▶ [Assignment]: From the first line to the last, restate the material word for word; pictures stay out.

▶ [Raw data]:
Content starts

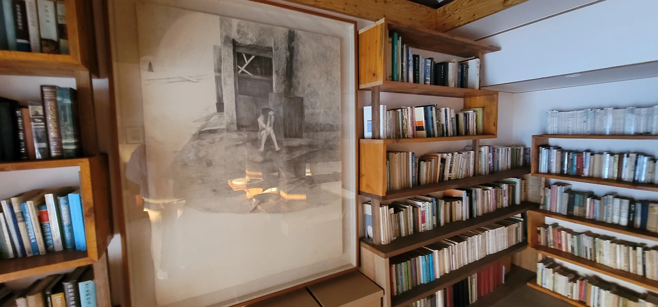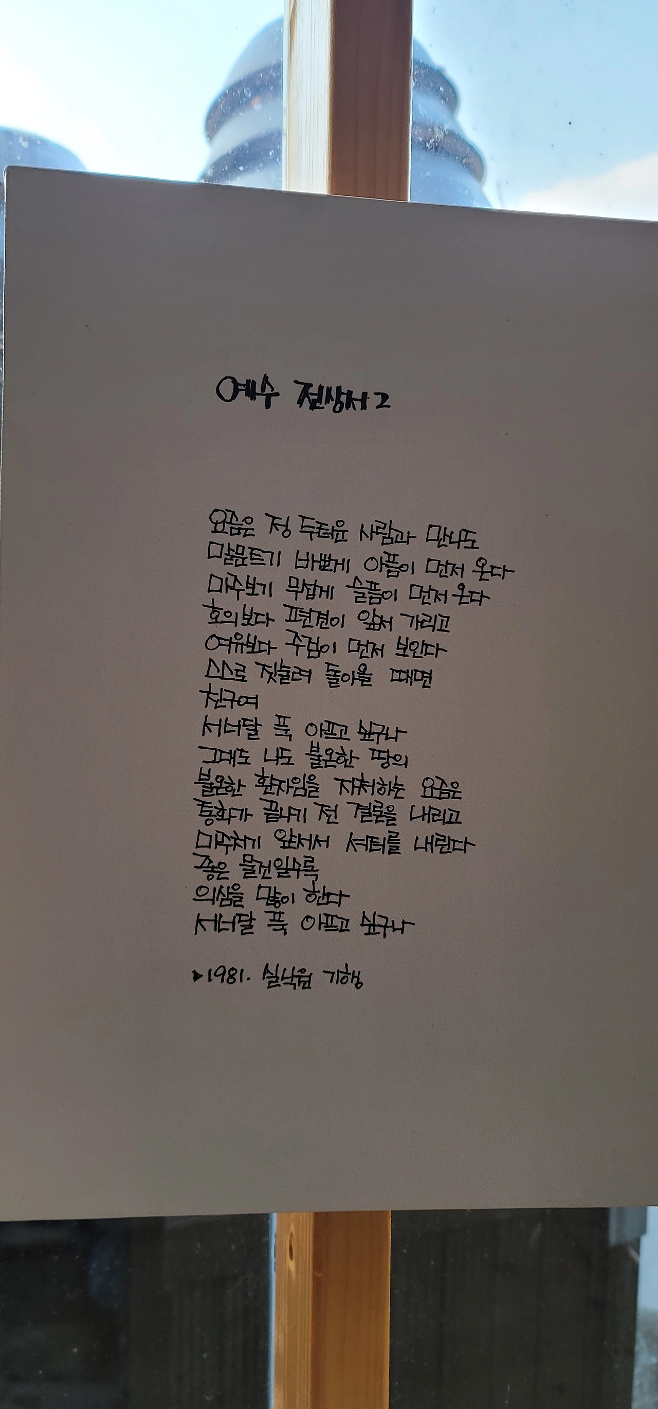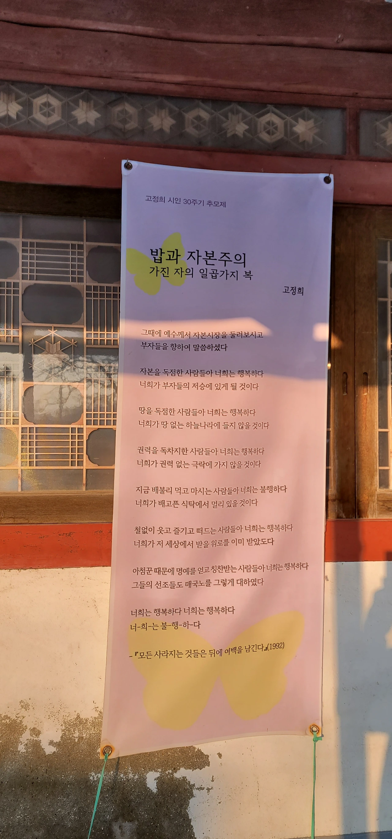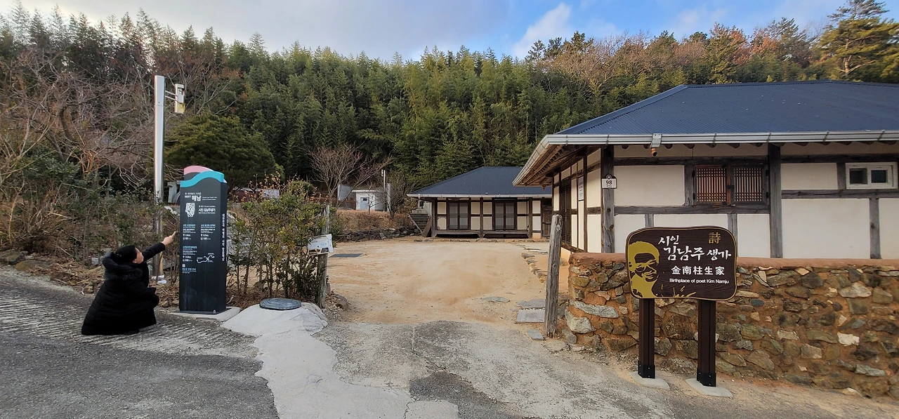 뒤로 돌아가면 시원하게 앉아서 시를 감상할 수 있다. 물론 겨울이라 시원한게 아니라 춥지만. 시인의 사진과 유품들을 보고 있으니 삼라만상이 역사를 불러오는구나
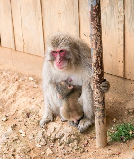 Keywords: monkey mother baby animal wildlife mammal young small cute arashiyama monkey park japan
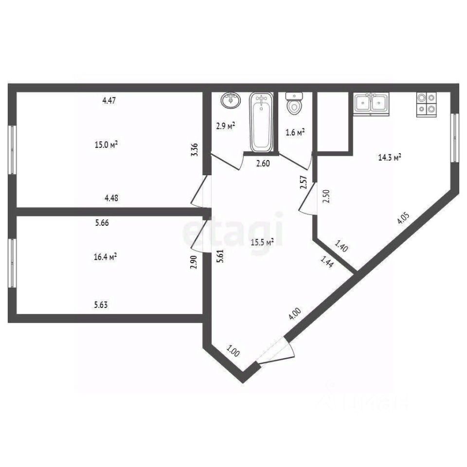 Площадь: 65,7 м² + просторная лоджия (общая площадь с лоджией 67,5 м²).
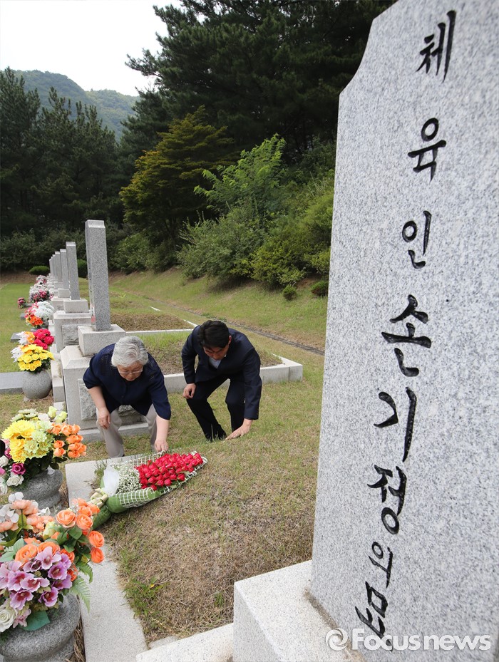 (대전=포커스뉴스) 9일 오후 대전 유성구 국립대전현충원 국가사회공헌자묘역에서 베를린 올림픽 마라톤 금메달리스트 손기정 선수의 딸 손문영 여사와 외손주인 이준승 손기정기념재단 사무총장이 손기정 선수 묘소에 헌화하고 묘역을 둘러보고 있다. 손기정 선수는 80년 전인 1936년 8월 9일 베를린 올림픽 마라톤에서 금메달을 목에 걸었다.

Content ends

▶ [Answer to this exercise]:
 뒤로 돌아가면 시원하게 앉아서 시를 감상할 수 있다. 물론 겨울이라 시원한게 아니라 춥지만. 시인의 사진과 유품들을 보고 있으니 삼라만상이 역사를 불러오는구나
 Keywords: monkey mother baby animal wildlife mammal young small cute arashiyama monkey park japan
 Площадь: 65,7 м² + просторная лоджия (общая площадь с лоджией 67,5 м²).
 (대전=포커스뉴스) 9일 오후 대전 유성구 국립대전현충원 국가사회공헌자묘역에서 베를린 올림픽 마라톤 금메달리스트 손기정 선수의 딸 손문영 여사와 외손주인 이준승 손기정기념재단 사무총장이 손기정 선수 묘소에 헌화하고 묘역을 둘러보고 있다. 손기정 선수는 80년 전인 1936년 8월 9일 베를린 올림픽 마라톤에서 금메달을 목에 걸었다.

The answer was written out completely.